In several of the authors’ clinical experiences, they have encountered a subset of patients who have failed to respond physiologically to the combined therapies that make up the MATH+ protocol, largely thought secondary to advanced disease at the time of presentation or extensive co-morbidity. In the first such cases, TPE was trialed with temporally associated physiologic improvements observed which then led to both extubation and discharge. In two of the authors’ experiences (PEM, PK), at the time of this writing, they encountered a total of 16 patients that demonstrated little physiologic improvement despite being treated with high-dose MATH+ protocol who were then empirically treated with TPE. Thirteen of the 16 were extubated and discharged while three failed to respond and later died. Increasing publications of case series and case reports from centers across the world have now described the efficacy of TPE in over 60 COVID-19 patients that did not respond to initial therapies, with the majority having been treated with corticosteroids [250-261]. Nearly all describe similar positive physiologic and clinical responses temporally associated with initiation or completion of TPE. Further, three retrospective, observational cohort studies including a total of 74 patients treated with plasmapheresis have reported dramatic differences in both extubation and survival [262-264]. The largest, a study from Pakistan of 45 COVID-19 patients treated with plasmapheresis compared to 45 propensity-matched controls, reported that the mortality in the plasmapheresis treated group was 8.9% vs. 38.5% in controls (HR: 0.21, 95% CI: 0.09 - 0.53, log rank 0.002) 263]. Khamis et al in Oman published on 31 COVID-19 patients in moderate to severe respiratory failure where 11 of the more severely ill patients received TPE with a slightly higher proportion of the TPE group also receiving tocilizumab compared to controls [263]. They reported both large improvements in extubation rates (73% vs. 20%, P = 0.018) and mortality (0% vs. 35%, P = 0.03).
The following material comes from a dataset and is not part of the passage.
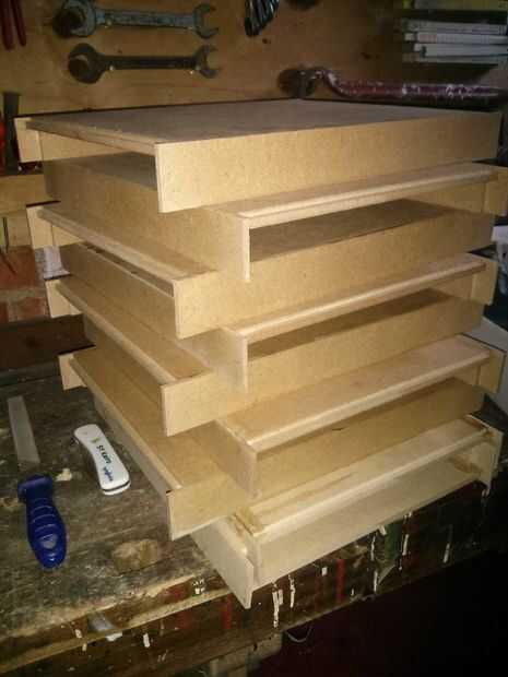 Hice los cajones de MDF. En el front-end, puse una extrusión de aluminio. Esto las hace verse mejor, pero está destinada principalmente para mantenerlos en su lugar una vez que están dentro del marco.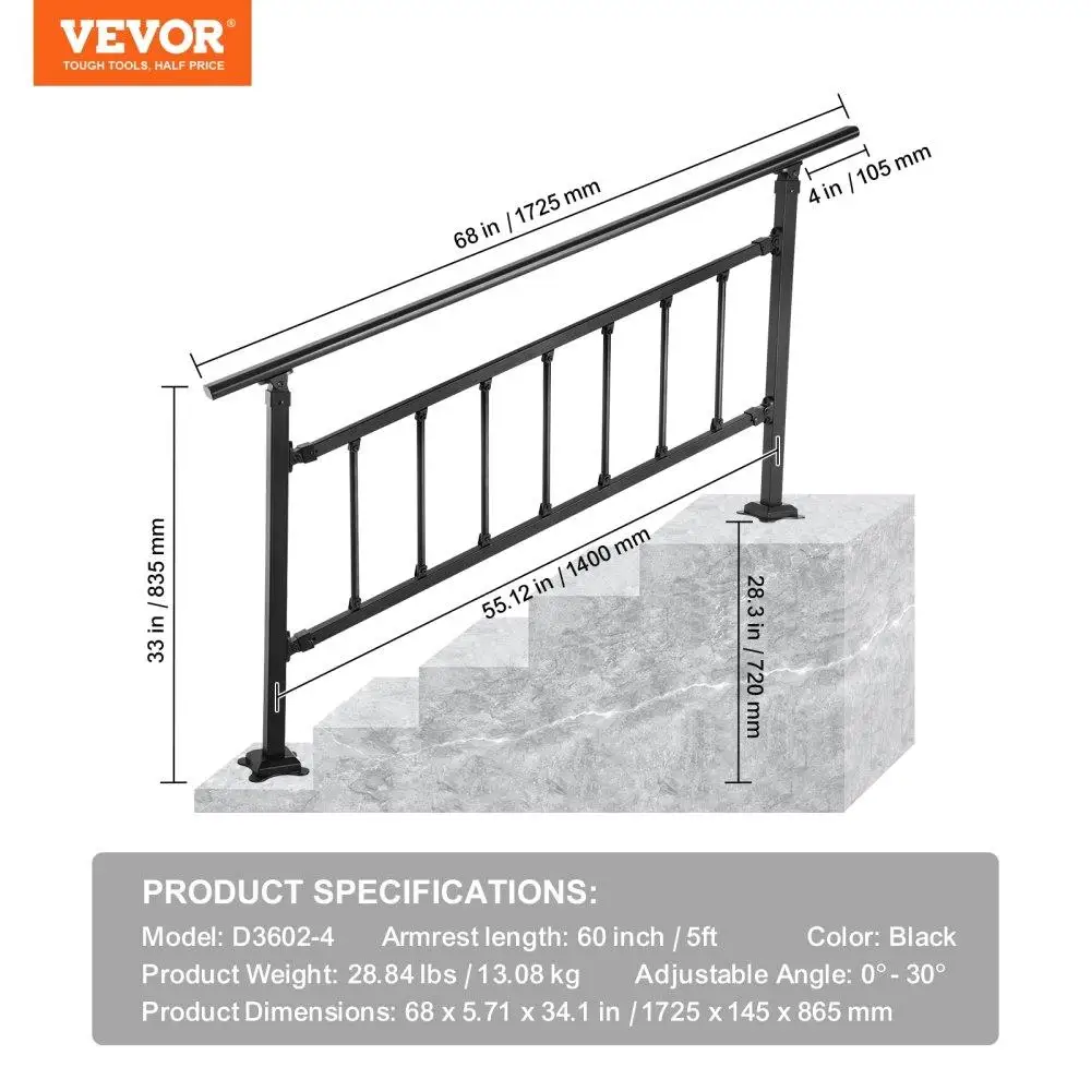 ♡Quick viewAdjustable Outdoor Stair Handrail 48x35.5 Aluminum Railing for cross Bar Stairs, 0-45 Degrees - Black Banister58.14 GBPGBP 2237.57Hot

Although these studies are strongly suggestive of a role for TPE in the management of COVID-19 patients unresponsive to now standard therapies such as corticosteroids, both prospective and/or randomized studies should be done to better establish the indications, duration, and efficacy of TPE.

Conclusion▴Top 

In conclusion, the varied pathophysiologic mechanisms identified in COVID-19 likely require multiple therapeutic agents working in concert to counteract the diverse, deleterious consequences of this aberrant immune response. It is exceedingly unlikely that a “magic bullet” will be found, or even a medicine which would be effective at multiple stages of the disease. The MATH+ treatment protocol instead offers an inexpensive combination of medicines with a well-known safety profile based on strong physiologic rationale and an increasing clinical evidence base which potentially offers a life-saving approach to the management of COVID-19 patients.

Acknowledgments

Thanks for Frank Benno Junghans for the creation and design of Tables 1 and 2 and Dr. Gopal Punjabi for providing the image in Figure 2.

Financial Disclosure

None to declare.

Conflict of Interest

The authors declare that there is no conflict of interest.

Author Contributions

Dr. Meduri’s contribution is the result of work supported with the resources and use of facilities at the Memphis VA Medical Center. The contents of this commentary do not represent the views of the US Department of Veterans Affairs or the United States Government.

Data Availability

The authors declare that data supporting the findings of this study are available within the article.

Author Note

A version of this manuscript was published by The Journal of Intensive Care Medicine and was retracted by the editors after being published and highly cited. The article has been changed, the contested findings have been removed, and we have added the addition of antiandrogen therapy. It is noteworthy that this manuscript emphasizing the benefit of corticosteroid anticoagulant and antioxidant therapy in patients with COVID-19 was conceived of before the results of the recovery trial were known.